── RAW DATA
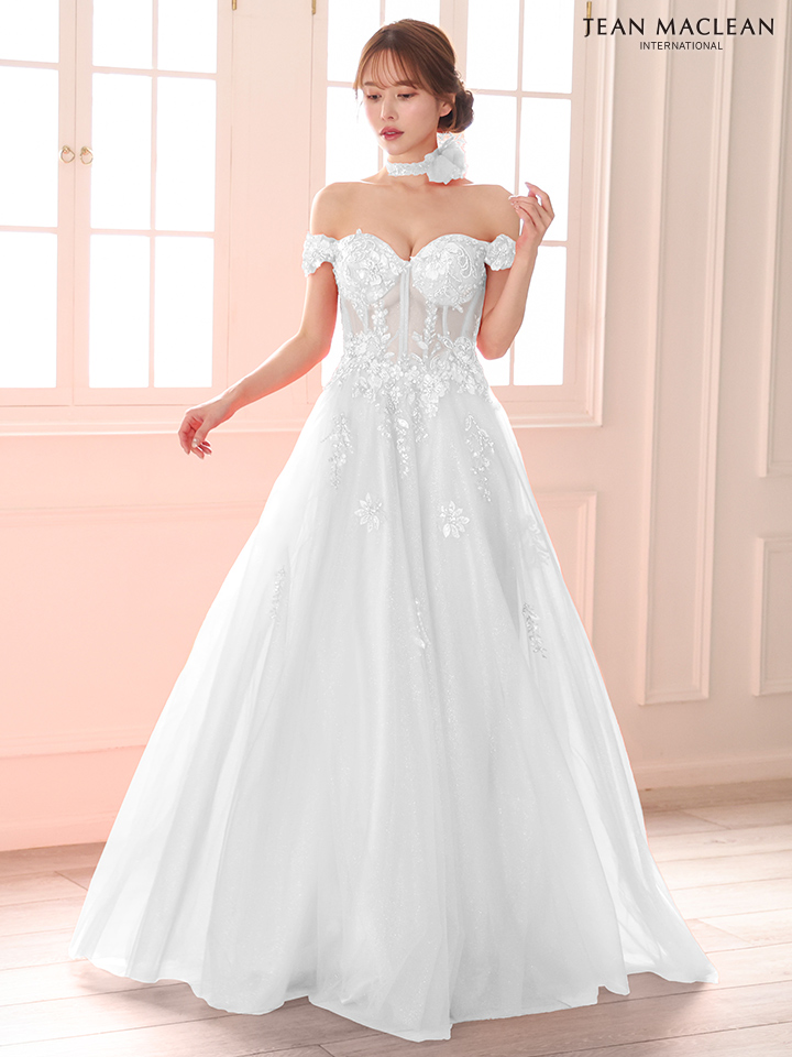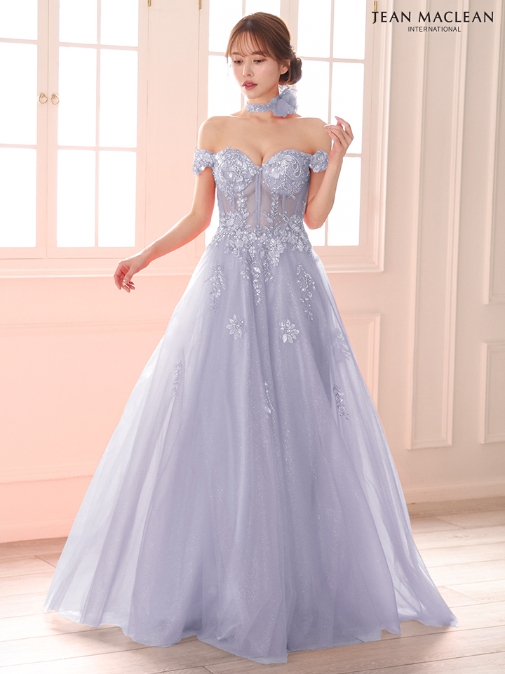 【JEAN MACLEAN/ジャンマクレーン】チョーカー付き/ オフショル/ シアー/ スパンコール/ レース/ フラワーモチーフ/ フレア/ Aライン/ プリンセス/ ロングドレス/ キャバドレス long[OF2A] [51979-JM-B-2511]
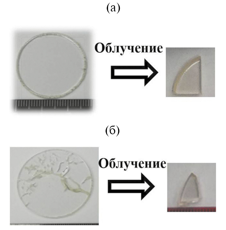 Рис. 1. Внешний вид исследуемых кристаллов Gd3Al2Ga3O12 (а) и Gd3Al3Ga2O12 (б) до и после облучения протонами.
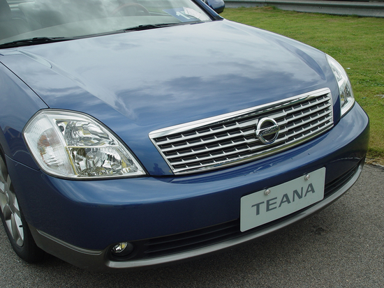 日產中高檔商務用車的前臉散熱格柵已經越來越統一化,就連新的藍鳥也列入其內,天籟更不例外。天籟的散熱格柵除了保持銀色鍍鉻的橫向金屬線條布置外,在局部有些小變化,比如在橫條上增加了一些短小的金屬線段,中央標識位置的線條更加外凸粗壯一些,增加了前臉的飽滿感。水滴形的前大燈和后尾燈在其高端車型CIMA上也可以看到。另外,車門的外拉手設計是天籟外形設計的一個亮點所在,除采用比較流行的橫向外拉式設計外,門拉手的周邊還包有一圈銀色金屬飾條,更顯出整車的精致。
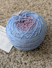 Our Stellar Lace yarn, the gradient edition. All gradients are dip-dyed using knitted sheets called “blanks”, which allows for slow and gradual transitions between different colors/shades in a gradient. And since each gradient skein is dyed by hand (mine, specifically!) in a labor-intensive process, each one is unique.
────
▸ EXERCISE DESCRIPTION:
Please repeat every line of the material above exactly and without its pictures.

▸ OUTPUT FOR THIS EXERCISE:
 【JEAN MACLEAN/ジャンマクレーン】チョーカー付き/ オフショル/ シアー/ スパンコール/ レース/ フラワーモチーフ/ フレア/ Aライン/ プリンセス/ ロングドレス/ キャバドレス long[OF2A] [51979-JM-B-2511]
 Рис. 1. Внешний вид исследуемых кристаллов Gd3Al2Ga3O12 (а) и Gd3Al3Ga2O12 (б) до и после облучения протонами.
 日產中高檔商務用車的前臉散熱格柵已經越來越統一化,就連新的藍鳥也列入其內,天籟更不例外。天籟的散熱格柵除了保持銀色鍍鉻的橫向金屬線條布置外,在局部有些小變化,比如在橫條上增加了一些短小的金屬線段,中央標識位置的線條更加外凸粗壯一些,增加了前臉的飽滿感。水滴形的前大燈和后尾燈在其高端車型CIMA上也可以看到。另外,車門的外拉手設計是天籟外形設計的一個亮點所在,除采用比較流行的橫向外拉式設計外,門拉手的周邊還包有一圈銀色金屬飾條,更顯出整車的精致。
 Our Stellar Lace yarn, the gradient edition. All gradients are dip-dyed using knitted sheets called “blanks”, which allows for slow and gradual transitions between different colors/shades in a gradient. And since each gradient skein is dyed by hand (mine, specifically!) in a labor-intensive process, each one is unique.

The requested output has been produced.